The mysterious case of the random leakage current

I suspect something to do with the strong magnet (I wouldn't have suspected it, except that it must be an interesting answer or you wouldn't have posed the question). Perhaps having the magnetic field induces a current in a loop somewhere. Was the leakage higher when there was more area between the wires connecting to the battery? Or it could be a current in some other loop.


Here is the summary of my investigations and my findings on the mysterious case of the random leakage current.


When I began dismantling the units, I also got curious and wanted to research a rational cause for that odd behavior. I had no luck until I almost inadvertently moved the magnet near a powered-up PCB. The ammeter jumped to about 2mA and stabilized at a slightly lower value.

At first I thought it was just a mechanical effect due to my handling of the PCB, but after repeated tests I verified that there was a clear correlation between moving the magnet near the PCB and having that sort of "latch-up".

It wasn't sure-fire, though, because it depended in an unclear way on the magnet orientation and the direction of the movement and also on the speed with which I moved the magnet.

I couldn't assess the real mechanism, but the cause was clear.
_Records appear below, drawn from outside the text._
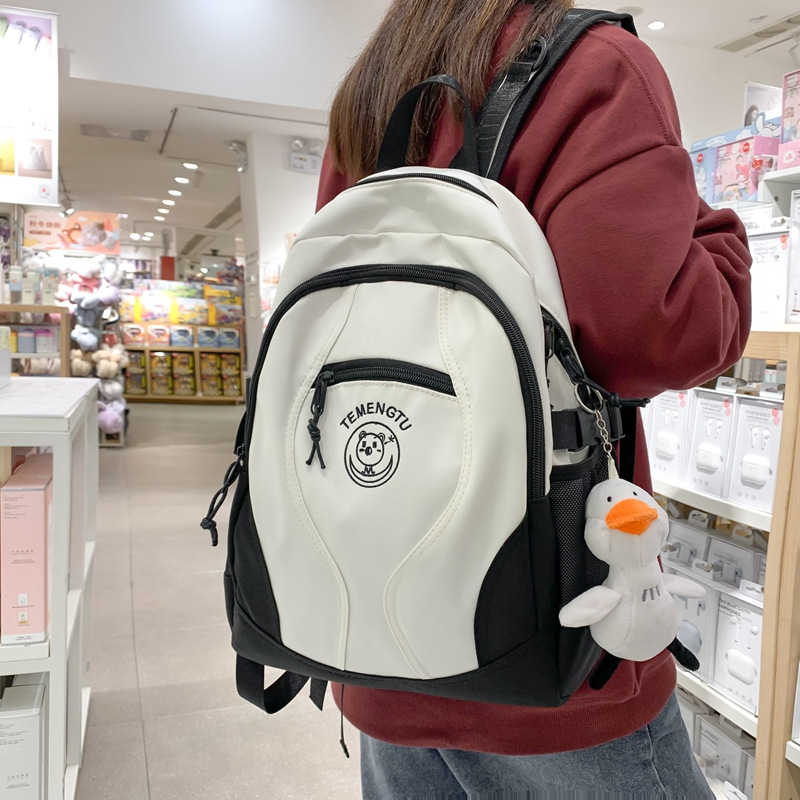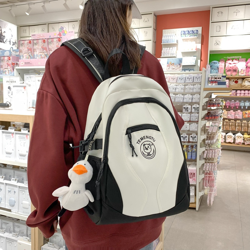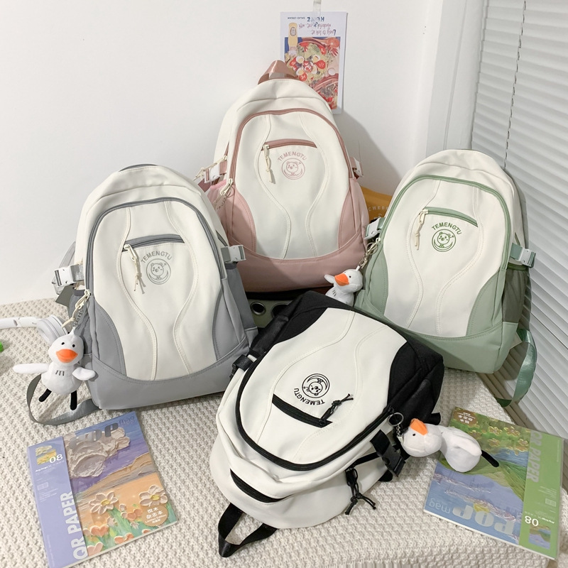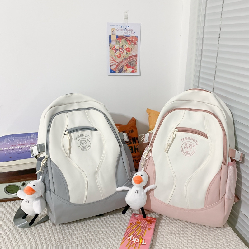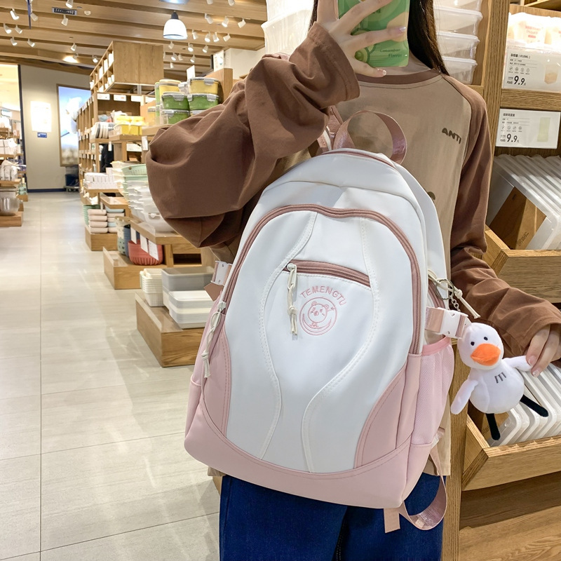 书包女日系ins高颜值森系百搭撞色双肩包初中学生高中生防水背包
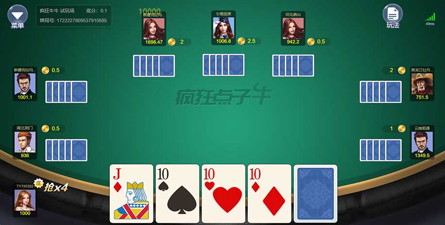 每一局的游戏时间相对较短。从发牌开始,到玩家组合牌型并比较大小,整个过程通常只需要短短几分钟。这种快节奏的特点使得玩家可以在碎片化的时间内享受游戏的乐趣,无论是在等公交、午休时间还是在工作间隙,都可以随时开启一局疯狂点子牛牛游戏。
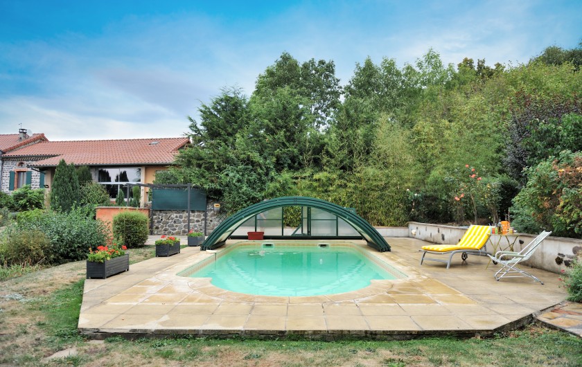 Bienvenue dans notre gite de charme AVEC PISCINE .GITE 3 étoiles situé au cœur de l'Auvergne dans un parc fleuri et arboré de 1ha. avec piscine couverte, solarium, terrain de boules, vélos mis à disposition, wifi, une terrasse couverte et fermée pour les journées fraiches. Salon de jardin nombreux relax autour de la piscine. Grande pièce a vivre avec coin salon coin cheminée et cuisine ouverte. Mezzanine pour le coin relax ou lecture avec fauteuils et clic clac. Salle de bain avec douche hydrojet.
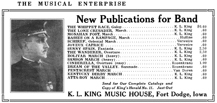 In 1919 the Kings returned to Canton where he directed the Grand Army Band of Canton, Ohio, and in 1920 Karl King gave up circus life for good when he accepted the position of conductor of the Fort Dodge (Iowa) Municipal Band. Under his leadership that band became a popular fixture at state and regional fairs, rodeos, and expositions.
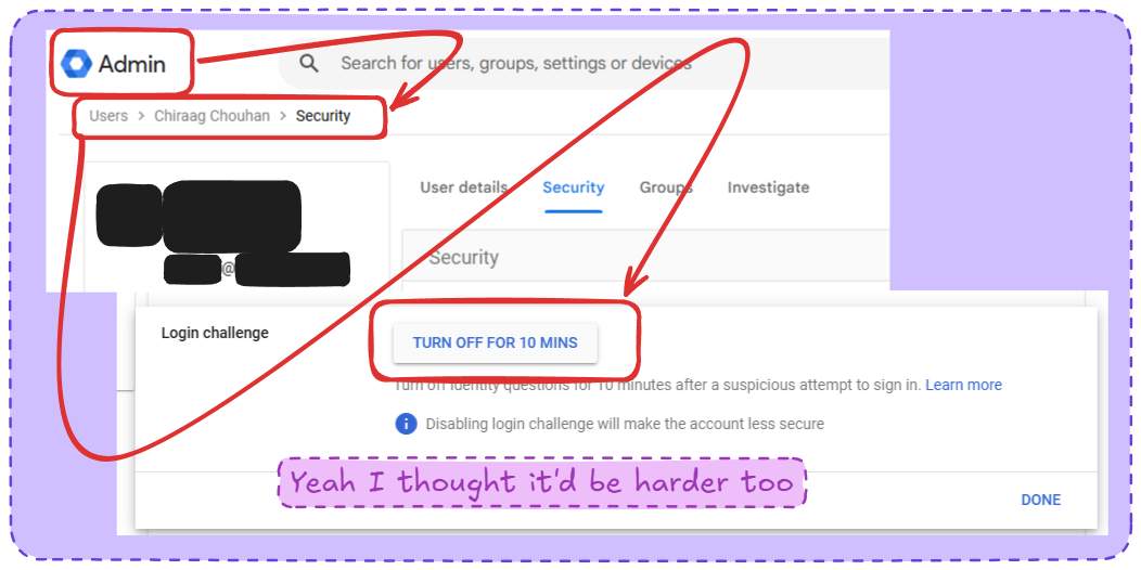 users > the user > security > turn off login challenge
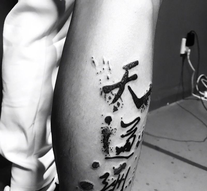 天道酬勤纹身图片_腿部水墨纹身图案
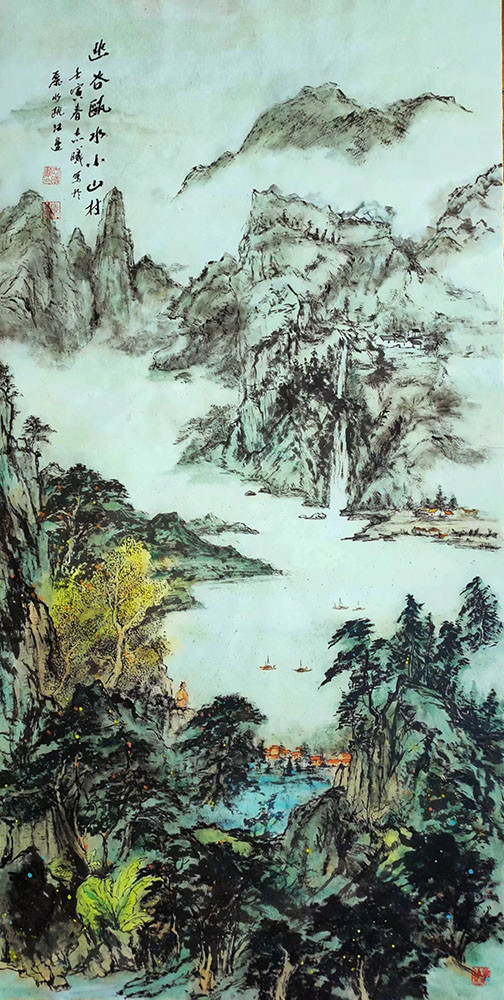 《幽谷甌水小山村》136cmX68cm壬寅年正月
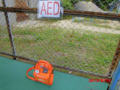 本校では,水泳学習を安全に進めるためにプールサイドに「AED」を設置したり、監視人数を増やすなど万全を期しています。
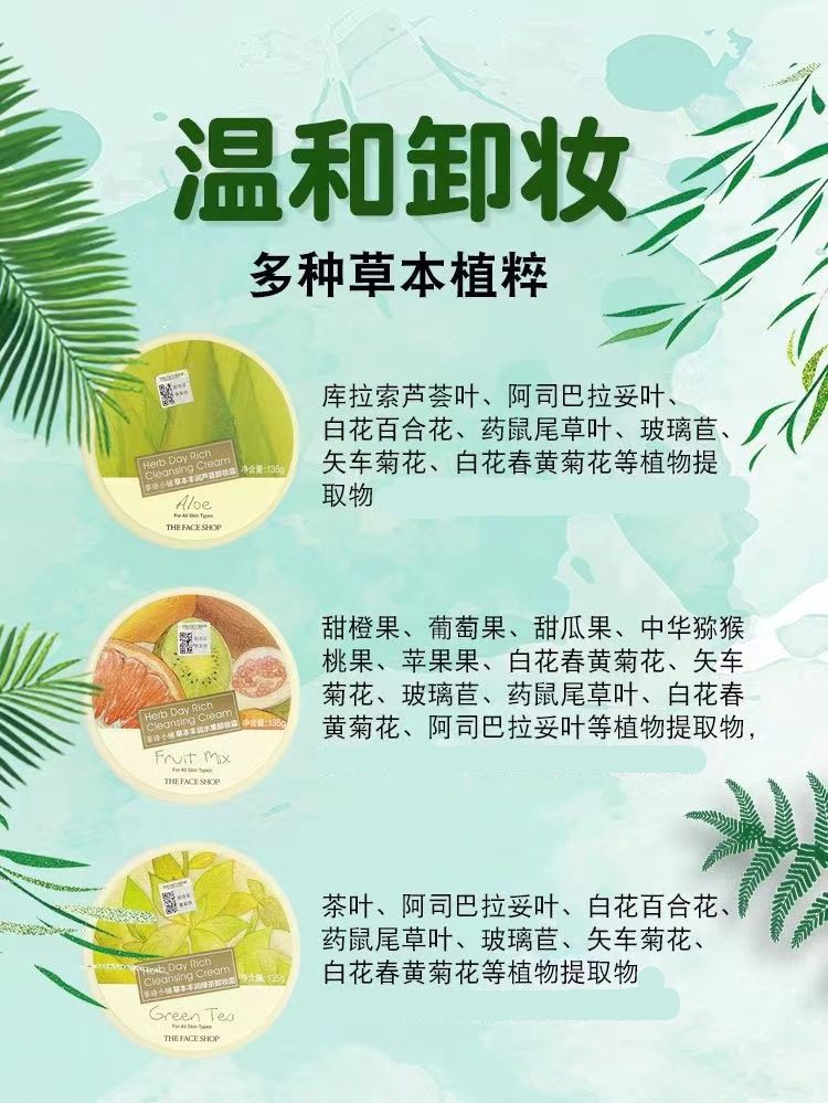 【爆款超低价预售 急单慎拍】菲诗小铺草本芦荟水果绿茶卸妆清洁霜水乳膏面部深层干净温和保湿
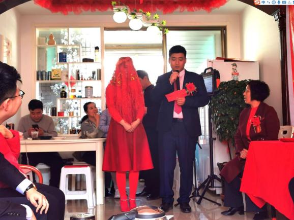 “今天是个好日子,心想的事儿都能成;今天是个好日子,打开了家门咱迎春风……”虽然在家中举办婚礼,场地不大,参加婚礼的人也就十多位,但喜庆的歌声绕梁,热闹的氛围不减。
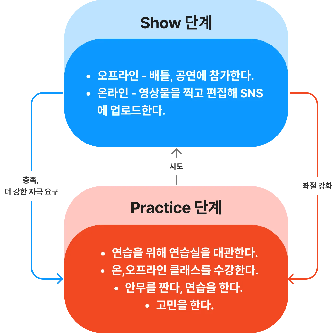 그리고 Show 단계에서의 좌절과 자극은 Practice 단계를 강화하게된다.
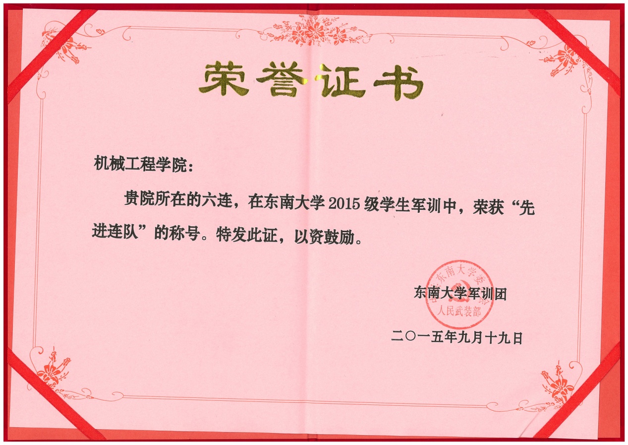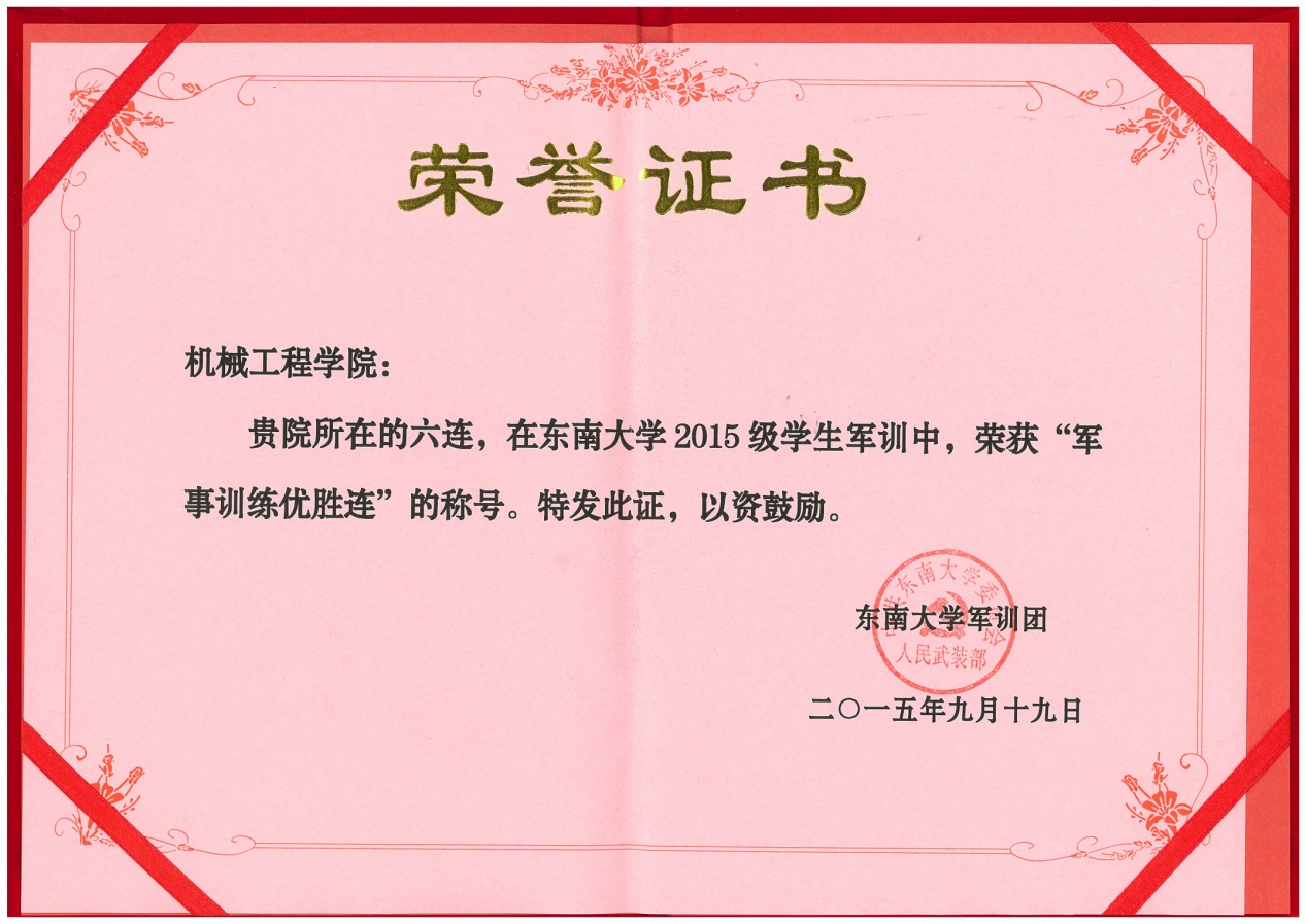 由机械工程学院与能源与环境学院组成的六连在此次军训中无疑成为一匹黑马脱颖而出,表现令人瞠目!从军事训练到文体活动再到内务卫生,六连的同学们都不甘示弱。在表彰之时,六连的名字一次又一次响起。六连赢得了“大满贯”——囊括了几乎所有的“第一”,他们以自己的实力,赢得了优胜连队,军事训练优胜连,宣传报道优胜连,文体活动优胜连,内务卫生优胜连。在各种比赛中,六连斩获拔河、合唱双项冠军,定向越野三等奖的成绩。辅导员梅仂盈、王瑜祥荣获优秀指导员称号。吴荣承等52名同学获得优秀学员。宋景晖,陶丰两位摄像师所拍摄的精美照片斩获四项大奖,三名同学赢得了征文比赛的奖项。
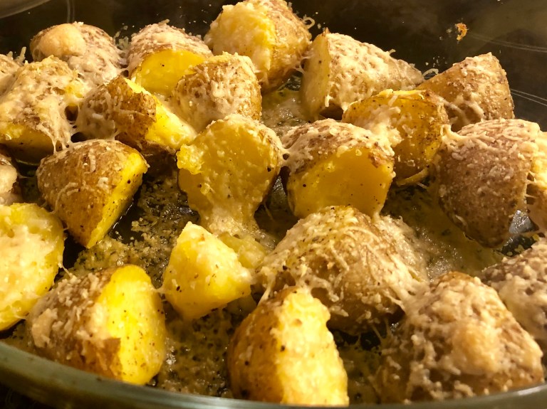 Hell av vannet, del potetene i to og legg de over i en liten langpanne eller ildfast form.
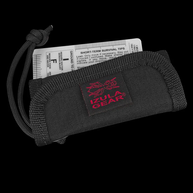The wallet has a one inch webbing strap on the back for attaching it to other gear or a belt, and a paracord lanyard.
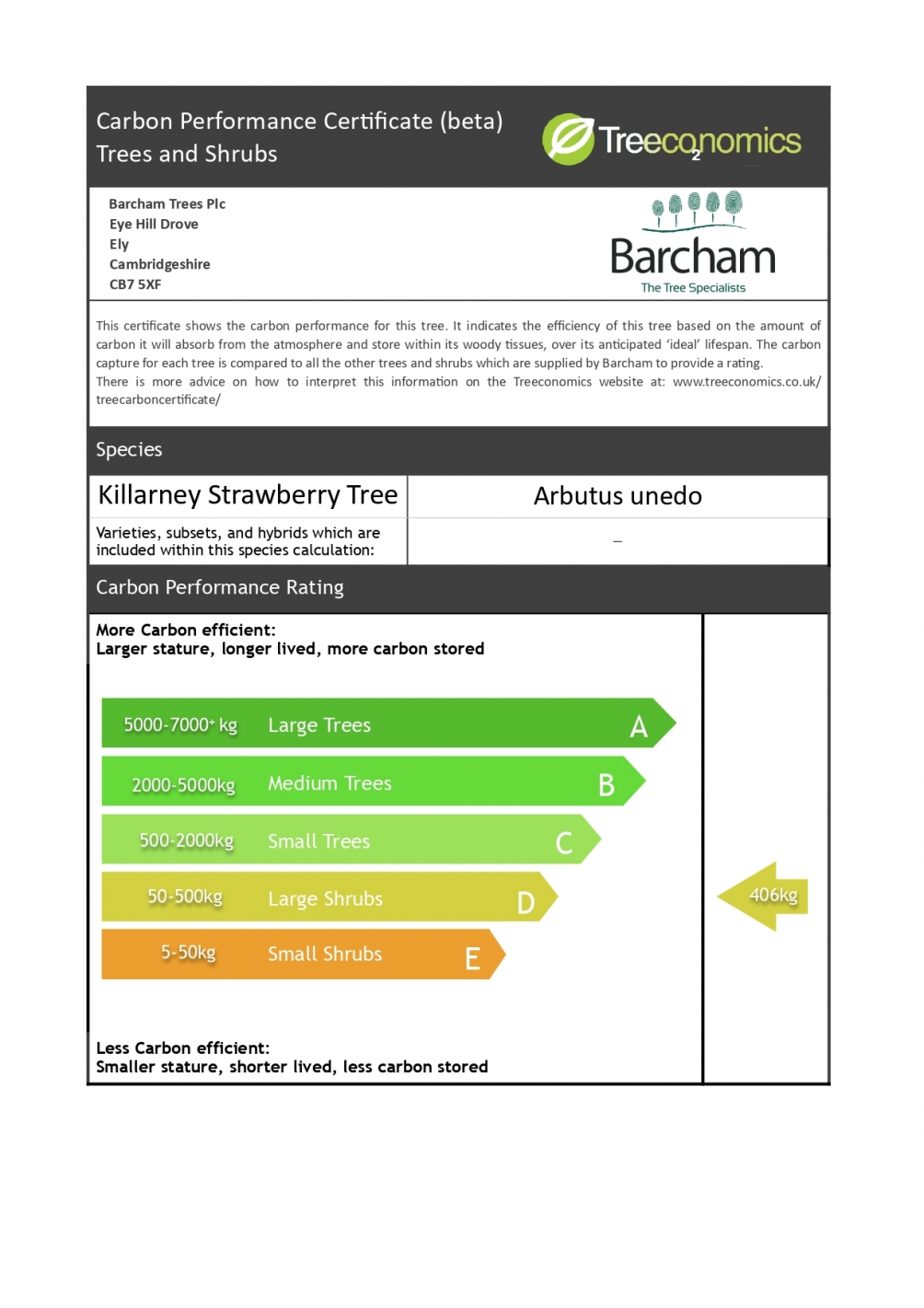 This attractive evergreen tree has young shoots that are tinged red and harden to dark green. The small white, bell shaped flowers appear in small clusters and are produced together with the red fruit in the autumn, providing a contrasting display. As this tree matures, the brown bark sheds, giving it a peeling, ragged appearance.

The interaction of the PCB (and most probably the driver chip) with the moving magnet.

I also verified that the latch-up could happen when moving an assembled unit near a massive ferromagnetic body, such as when attaching the unit to a fridge. But the phenomenon in this case was less repeatable and more erratic.

The options that came to my mind were obviously two:

  • induced current generated by the variation of magnetic flux linked with some loop
  • Hall effect disturbing the normal behavior of some semiconductor components inside the driver chip

I cannot say for sure which is the real culprit between those two. I leave the final decision to the experts on EE.SE who are more knowledgeable than I am on such topics.

I cannot be sure, but I suspect that whoever was in charge to test the prototype didn't perform proper testing when the magnet was in place. In fact the magnet wasn't built-in in the back cover of the units, but was provided as an add-on in the package. You had the option to stick it to the back cover since one side of the magnet was adhesive.


I hope you enjoyed this little mind-teaser, vaguely inspired to Sir Arthur Conan-Doyle's novels.


This kind of symptom smells of missing pulldown (or pullup, depending on topology) resistor on a FET gate. All is fine if the system powers up without the startup transient activating the FET. If that is successful, all is well. If not, the system latches into some wierd state that manages to draw some current.

I notice this is a single-sided board. That means thru-hole leads are only held by the solder meniscus on one side of the board, not inside the plated hole and on both sides like on a two layer board. After enough mechanical stress or thermal cycling, such solder joints can get flaky. This can be very hard to see, even with a jewler's loupe. I've personally seen such a board fail in seemingly random ways, and visual inspection didn't reveal the problem, even though I was looking for bad solder joints. Reflowing every joint and adding additional solder fixed the problem.

Another cause for such symptoms is that the button is pressed all the time. However, I'm figuring this isn't the case because then the lights wouldn't have worked in the first place. That kind of pushbutton has a positive click feel. The only way this problem could happen in your circumstance is if the button worked right for the first three clicks, then got stuck on with the click that turned the light off. It is unlikely that so many units would work fine for three clicks, then all get stuck on the forth, so I'm not thinking this is the problem.

I can think of scenarios where a badly designed circuit can latch into a unintended state with the power supply glitching and bouncing as the batteries are installed, possibly depending on whether the button was pressed or not at the time. However, all these scenarios would leave the unit obviously inoperative immediately. I'm assuming that you tested each unit thru at least one cycle of ON-OFF before declaring it ready and sticking it on a wall or whatever.